While I have thoroughly enjoyed learning how to harvest and weave flax leaves, overall the experience has been a relatively insignificant part of my semester in New Zealand. However, it is a great example of one of the many ways I have applied myself to a new experience precisely because I am abroad. Had I spent this semester at my home institution, I likely would never have learned a skill like weaving flax. This is not for a lack of opportunities to learn about new art forms or native cultures in Pennsylvania, but simply because my time abroad is a constant reminder to soak up every experience while I have the chance.
Recently, I was discussing with another international student about this desire to get the most out of our short time abroad when he brought up something that struck me. He is a Tunisian student getting a four-year degree at a college in Pennsylvania. He explained that the brevity of our time in New Zealand had driven him to peruse more, new experiences in this one semester than he had in his first two years of college in the United States even though he is really studying abroad in both places. As I thought about what he said, I realized that all too often, I become idle in my everyday life when I am at home. I neglect to seek out the new and thrilling exploits like the ones I pursue so regularly here in New Zealand.

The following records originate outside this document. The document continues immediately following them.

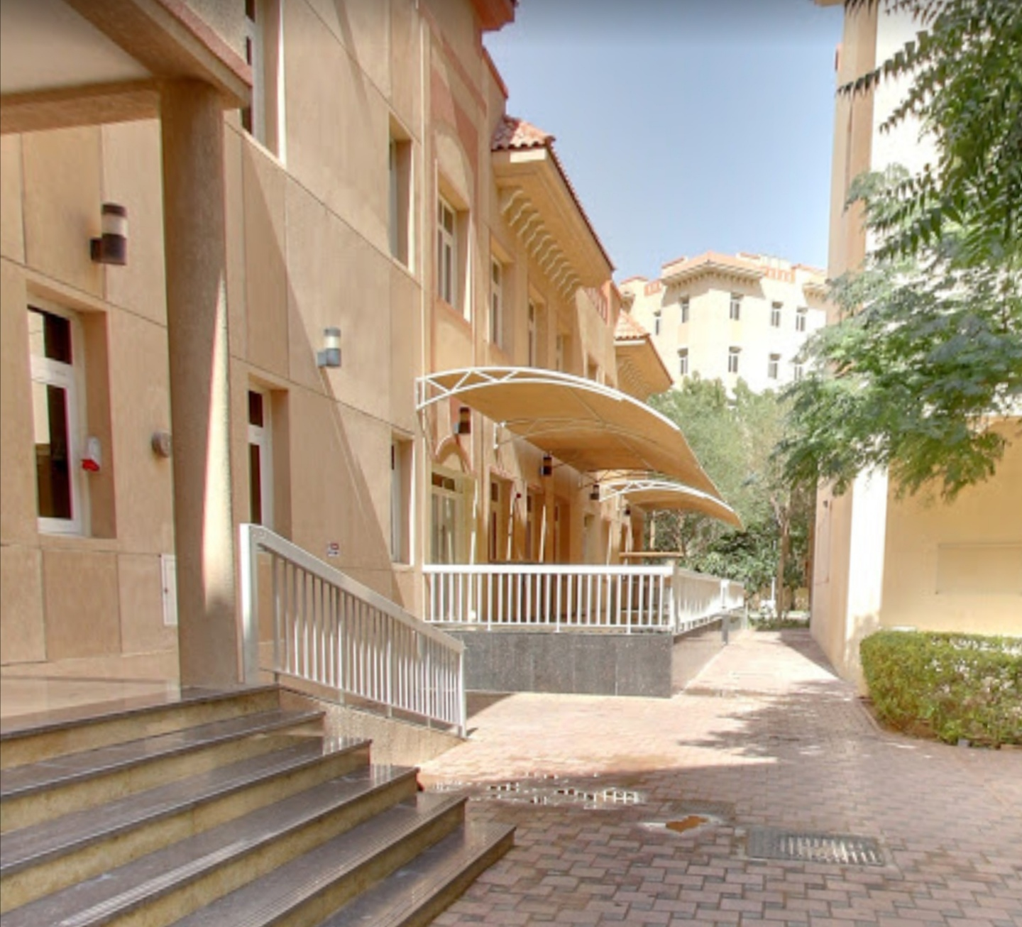 Cafeteria adjacent to Library block
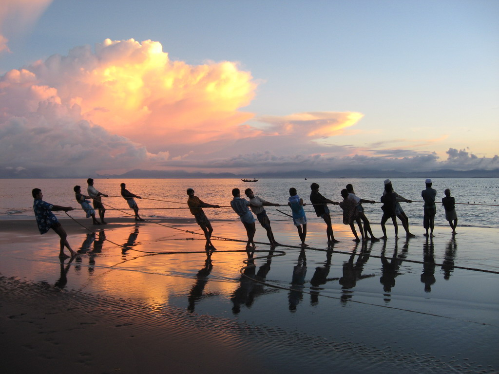 Sunrise, Saint Martin Island, Bangladesh.
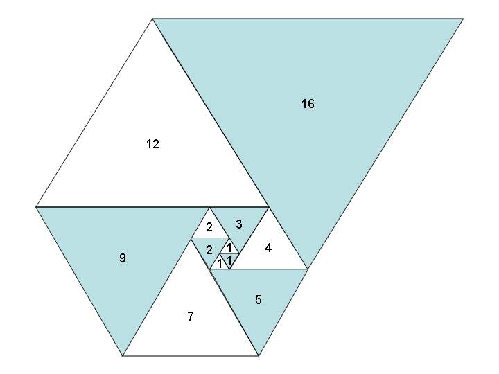 Spiral of triangles based on Padovan sequence. Created by User:Gandalf61 using Powerpoint.
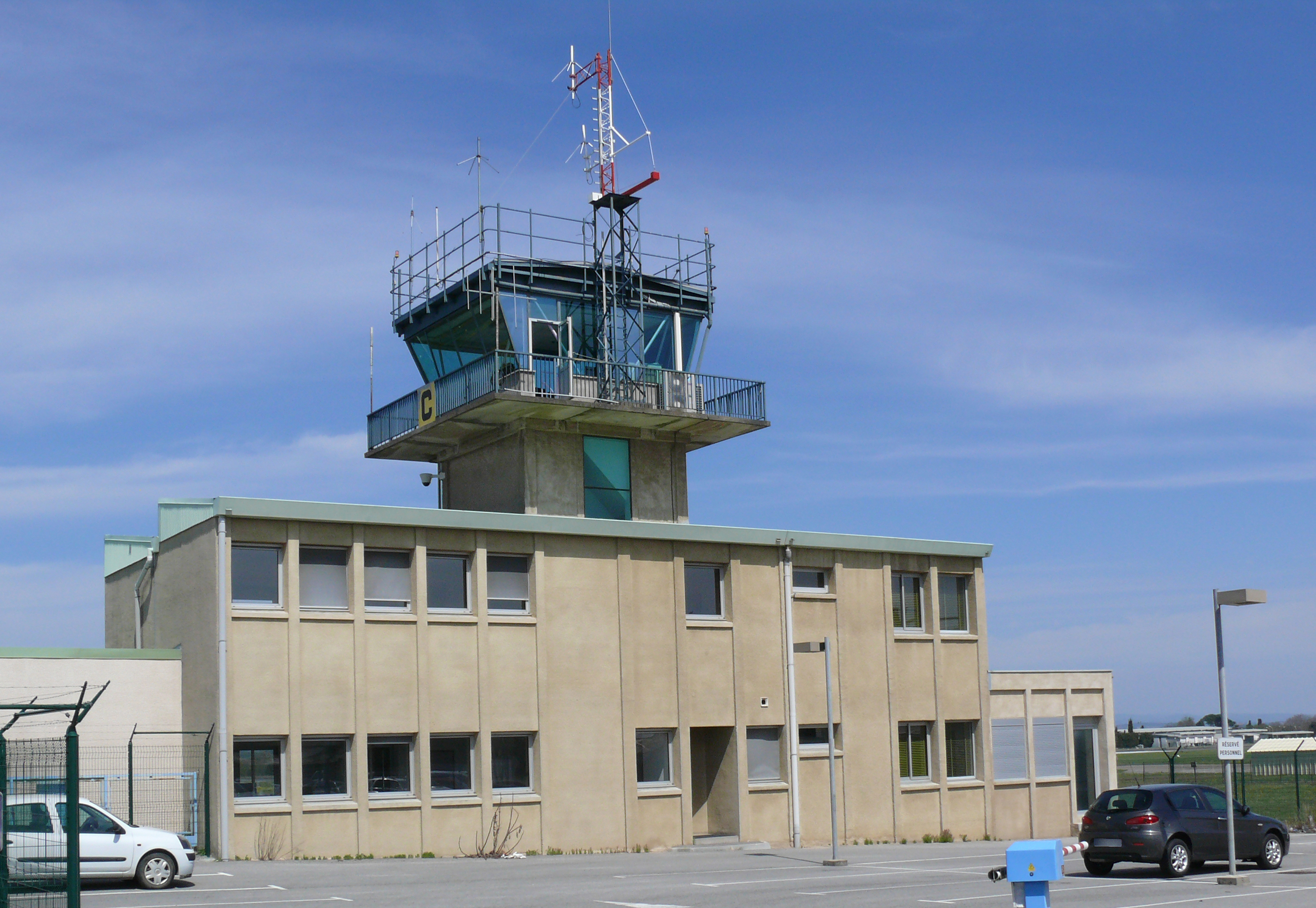 Control tower of Carcassonne Airport (Aéroport de Carcassonne en Pays Cathare).

When I return home from New Zealand, I am determined to let my experience be a reminder that opportunities for learning and adventure are constantly available, and that just because I am home again does not mean that I must live without the everyday ambition to try something new. My desire to learn to weave flax is a perfect example of this ambition: my placement here has encouraged me to learn a native art form. However, when I return home there will be no shortage of arts and skills to learn. As long as I choose to retain this everyday ambition, I can continue find adventure and growth throughout my life.
The halfway point of my semester has passed and the date of my return to Pennsylvania will arrive before I want it to. Although I will soon have to say goodbye to New Zealand, there are some things from this experience I intend to take back home with me. Perhaps the most important one is the mindset that my adventure can continue, regardless of where I am. Whether I am hiking under the shadow of Mount Cook, learning to make a basket out of flax, or trudging through the creek in my own back yard in central Pennsylvania, I intend to let my everyday ambition add flavor and joy to my life.
* The Māori are the indigenous people of New Zealand.
** A gathering space for Maori communal and religious activities
About the Author – (Joseph) Seppi Grugan, Spring 2018 Dunedin, New Zealand & Juniata College student
My name is Seppi Grugan. I am 22 years old and a junior at Juniata College, in Huntingdon, PA, where I study Philosophy, Politics, and Economics. I hope to someday work in criminal justice reform.